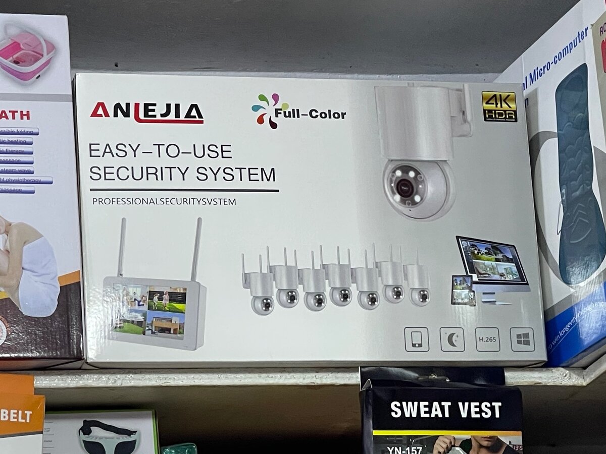 8 cctv cameras with a monitor screen showing all cameras from every location .Security made easy
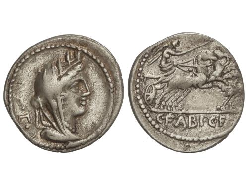 REPÚBLICA ROMANA. Denario. 104 a.C. FABIA. C. Fabius C.f. Hadrianus. Anv.: Cabeza de Cibeles a derecha, detrás letra griega. Rev.: Victoria en biga a derecha, debajo cigüeña. En exergo: C. FABI. C.F. 3,85 grs. AR. (Leves golpecitos). Cal-574; FFC-702; Se-15; S.Domingo-252. MBC+/MBC.
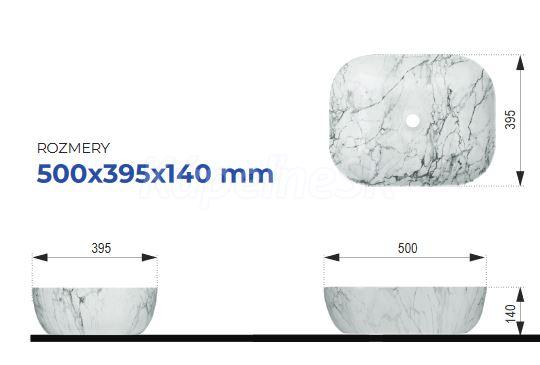 Obdĺžnikové keramické umývadlo s povrchovou štruktúrou mramoru a oblými rohmi, bez otvoru pre batériu
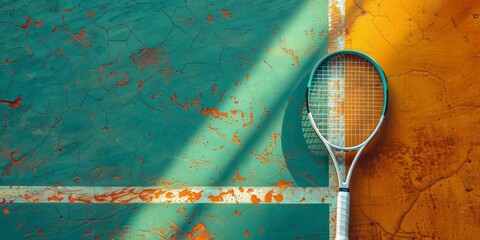 Tennis racket with yellow and orange balls on a cracked teal background. AI generative. .
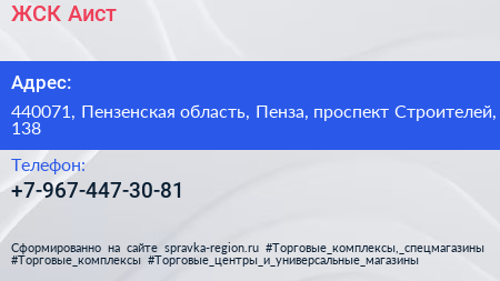 ЖСК Аист по адресу 440071, Пензенская область, Пенза, проспект Строителей, 138 в дальнейшем Организация, размещена в следующих категориях:
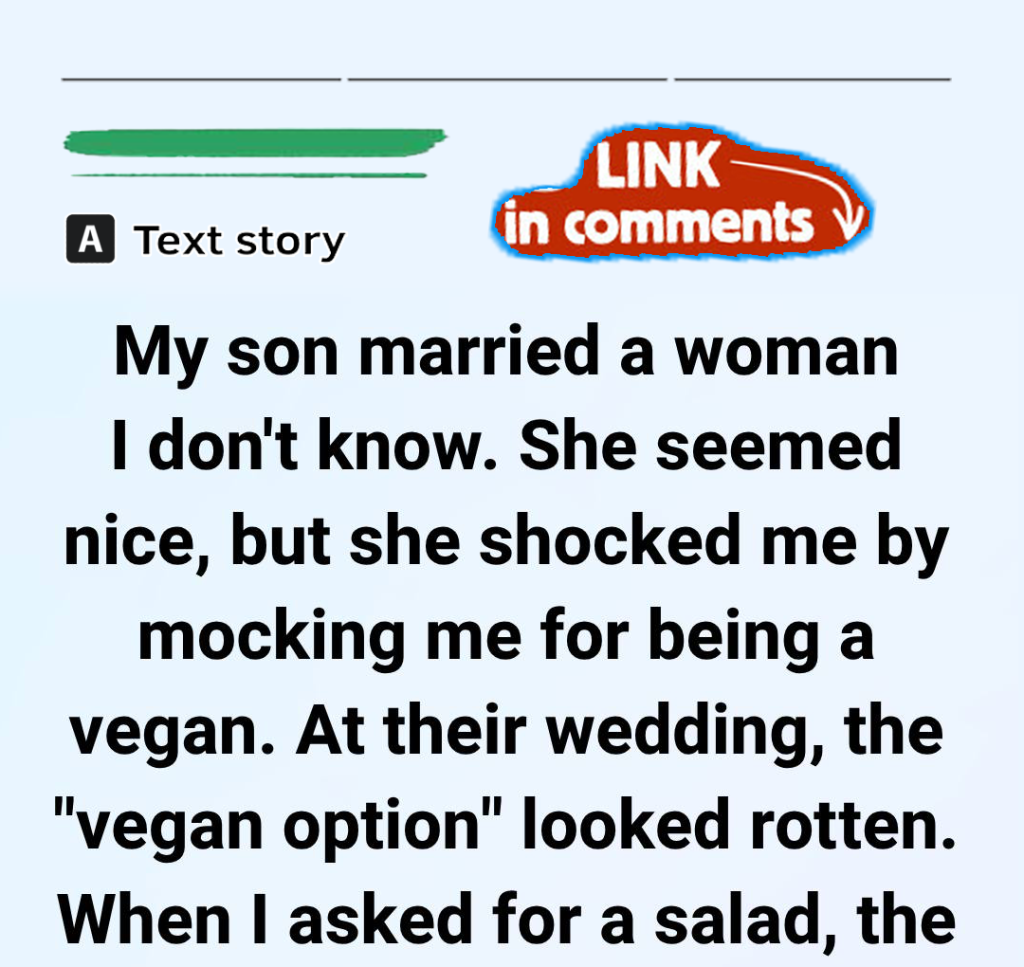 But when it came time for the reception, things took a turn. There was no assigned seating, so I looked around and found a table marked with a small sign that read “vegan option.” It felt considerate, even thoughtful — a sign that maybe my daughter-in-law had planned ahead after all. I sat down with a quiet smile, relieved.
•••••
■ **WHAT YOU ARE ASKED TO DO**:
In the listing above, transcribe exactly the lines from the line containing "Tennis racket with" through the last one, both included, but not the pictures.

■ **TASK RESPONSE**:
 Tennis racket with yellow and orange balls on a cracked teal background. AI generative. .
 ЖСК Аист по адресу 440071, Пензенская область, Пенза, проспект Строителей, 138 в дальнейшем Организация, размещена в следующих категориях:
 But when it came time for the reception, things took a turn. There was no assigned seating, so I looked around and found a table marked with a small sign that read “vegan option.” It felt considerate, even thoughtful — a sign that maybe my daughter-in-law had planned ahead after all. I sat down with a quiet smile, relieved.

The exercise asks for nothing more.